|کد مقاله||سال انتشار||مقاله انگلیسی||ترجمه فارسی||تعداد کلمات|
|152685||2018||40 صفحه PDF||سفارش دهید||11719 کلمه|
Publisher : Elsevier - Science Direct (الزویر - ساینس دایرکت)
Journal : Pattern Recognition, Volume 74, February 2018, Pages 568-586
The binarization of degraded document images is a challenging problem in terms of document analysis. Binarization is a classification process in which intra-image pixels are assigned to either of the two following classes: foreground text and background. Most of the algorithms are constructed on low-level features in an unsupervised manner, and the consequent disenabling of full utilization of input-domain knowledge considerably limits distinguishing of background noises from the foreground.
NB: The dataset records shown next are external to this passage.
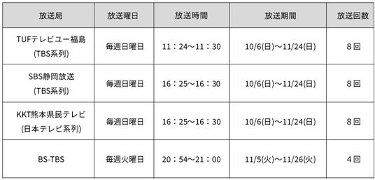 2024年10月6日より、BS-TBS、福島、静岡、熊本エリア4局ネットにて放送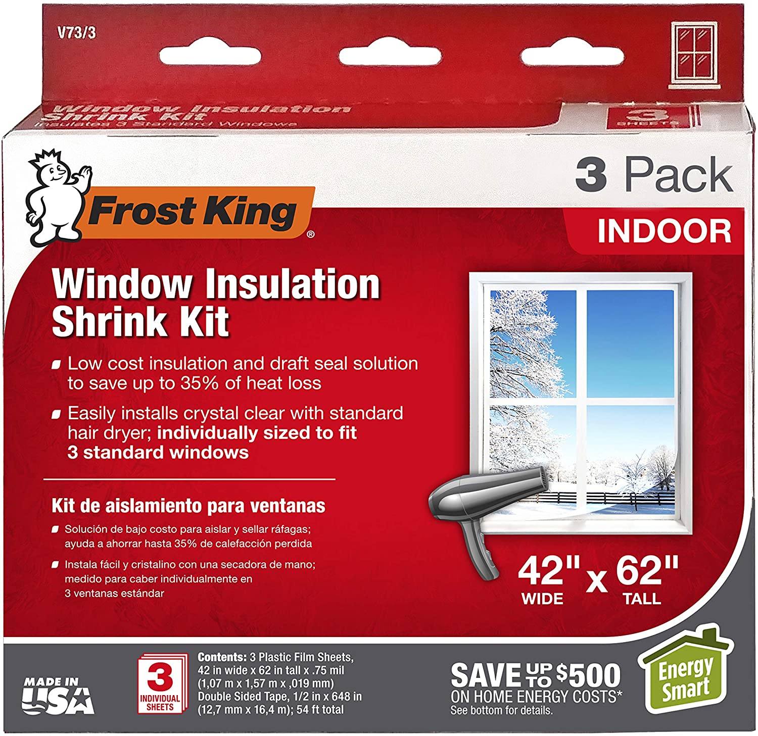 Insulate your windows with the help of the FROST KING Shrink Window Kit (V73/3H). Suitable for use on standard size windows, it's easy to apply with a blow dryer. It is made from polyolefin and is available in clear, so you can still see through your windows once applied. The Frost King Window insulation kit includes three sheets, so you have enough to insulate multiple windows in your home.Specifications
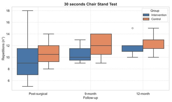 Boxplot of 30-Second Chair Stand Test performance across follow-up assessments. Outliers, values outside the range of 1.5*IQR, are shown as circles.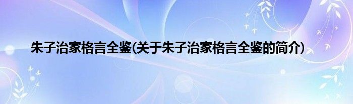 本文关于朱子治家格言全鉴的简介就讲解完毕,希望对大家有所帮助。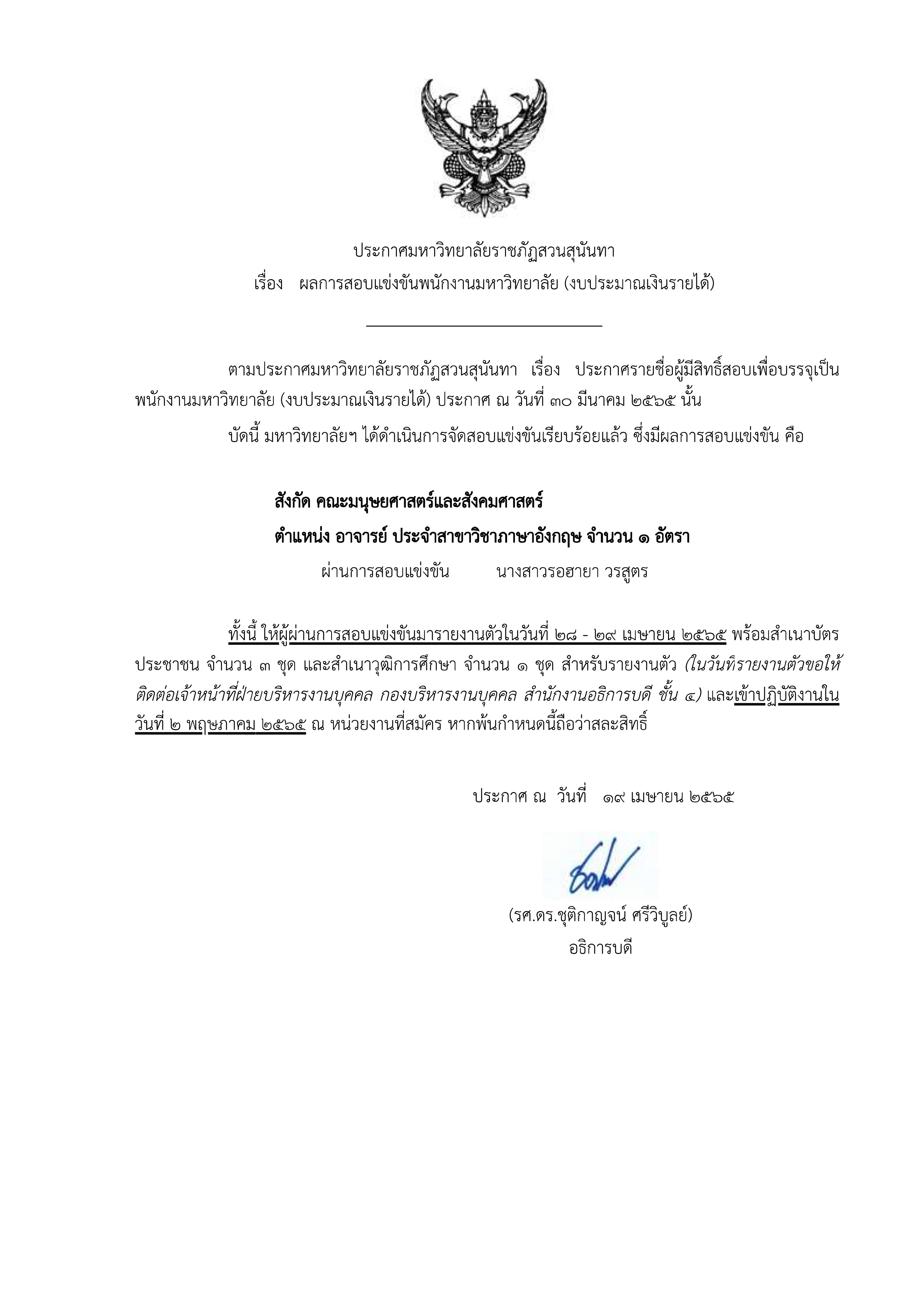 ประกาศผลการรับสมัคร อาจารย์ประจำสาขาวิชาภาษาอังกฤษ 1 อัตรา สังกัดคณะมนุษยศาสตร์และสังคมศาสตร์.pdf

In this paper, a novel supervised-binarization method is proposed, in which a hierarchical deep supervised network (DSN) architecture is learned for the prediction of the text pixels at different feature levels. With higher-level features, the network can differentiate text pixels from background noises, whereby severe degradations that occur in document images can be managed. Alternatively, foreground maps that are predicted at lower-level features present a higher visual quality at the boundary area. Compared with those of traditional algorithms, binary images generated by our architecture have cleaner background and better-preserved strokes. The proposed approach achieves state-of-the-art results over widely used DIBCO datasets, revealing the robustness of the presented method.